When you join a high-churn system that doesn't know what it's doing, it just lets you waltz in. When you get there, you don't have any particular fondness for the organization, or any particular urge to waltz down the path they have prepared for you.

The high-pressure team-ups of the military don't make people follow tenuous rules. They just make people follow solid rules with vigor. A high-churn system which survives very long learns quickly to enforce all its rules, whether with force or with peer pressure. It drops the unenforceable ones and replaces them with useful variants.

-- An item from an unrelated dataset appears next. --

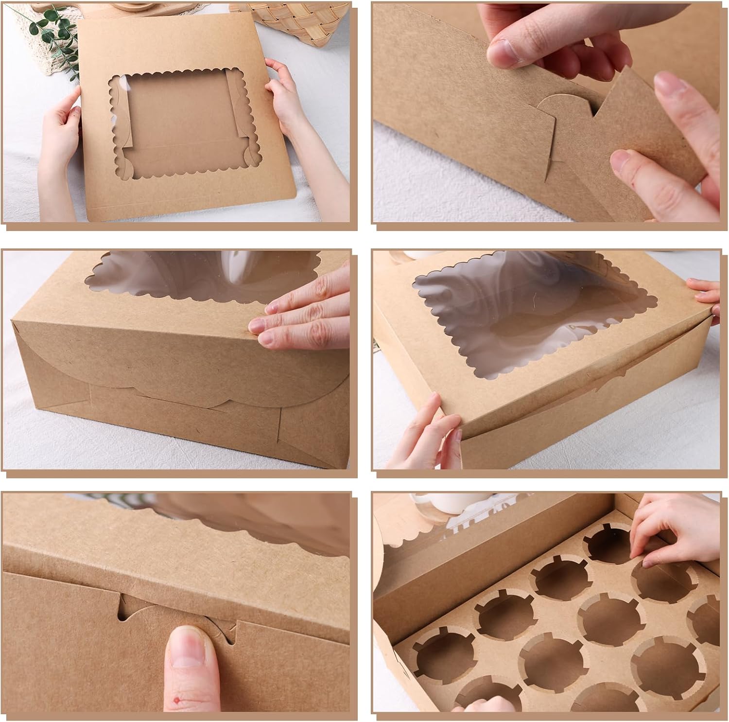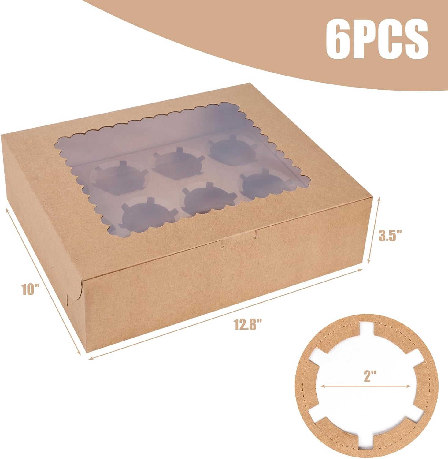 VGOODALL 6PCS Kraft Cupcake Containers, 12 Count with Window Boxes Holding 72 Pastry Box for Birthday Holiday Party Bakery Supplies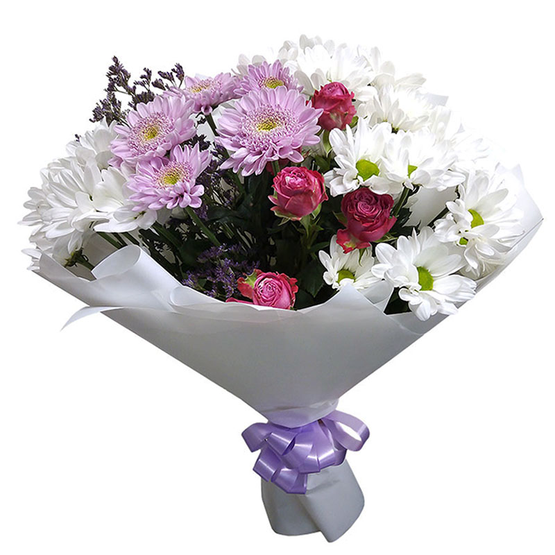 Состав: роза кустовая, кустовые хризантемы (55-60 см.), дополнительное декорирование, оформление калька, лента.

Most countries haven't done this. Some countries, like the USA, started as immigrant countries and therefore did this quite well for several centuries. Of course, we've been putting in unenforceable rules for the past century or so, and it shows as our cohesion suffers. Please note: protestors, at least here in America, aren't showing a lack of cohesion. The lack of cohesion is manifest in the parasites in the system. The people who break and abuse rules without being stopped or punished.

Now, sticky politics aside, your game is a high-churn system. I mean, duh. Even in its stable late life, your game will have a higher level of churn than any company roster.

So... how can you survive?

By learning from the most successful high-churn systems.

I'm not going to talk about the rules. I've talked about them before, and this essay isn't exactly short even without those paragraphs. So, let's talk about the one other option which games don't use:

The "take over your life and bond you with a bunch of other newbs" approach.

The military, high-aggression religions, and cults all do this. And when they do this, it turns out powerfully. The new recruits are bonded not only to the organization directly, but to other people who they only know inside the organization (and, therefore, must stay in the organization to stay with them).

The problem is, of course, that it's the pressure cooker approach. Most players don't like being pressure cooked, and are likely to simply turn off the game. Plus, pressure cooking requires at least four straight hours. What percentage of players have that available?

Is there a low-pressure pressure cooker which can be turned on and off at will? How about just setting every new joiner up with the four people to join immediately before him and the four people to join immediately after him? As primary contacts?

I'm sure there are lots of solutions. Can anyone else think of any?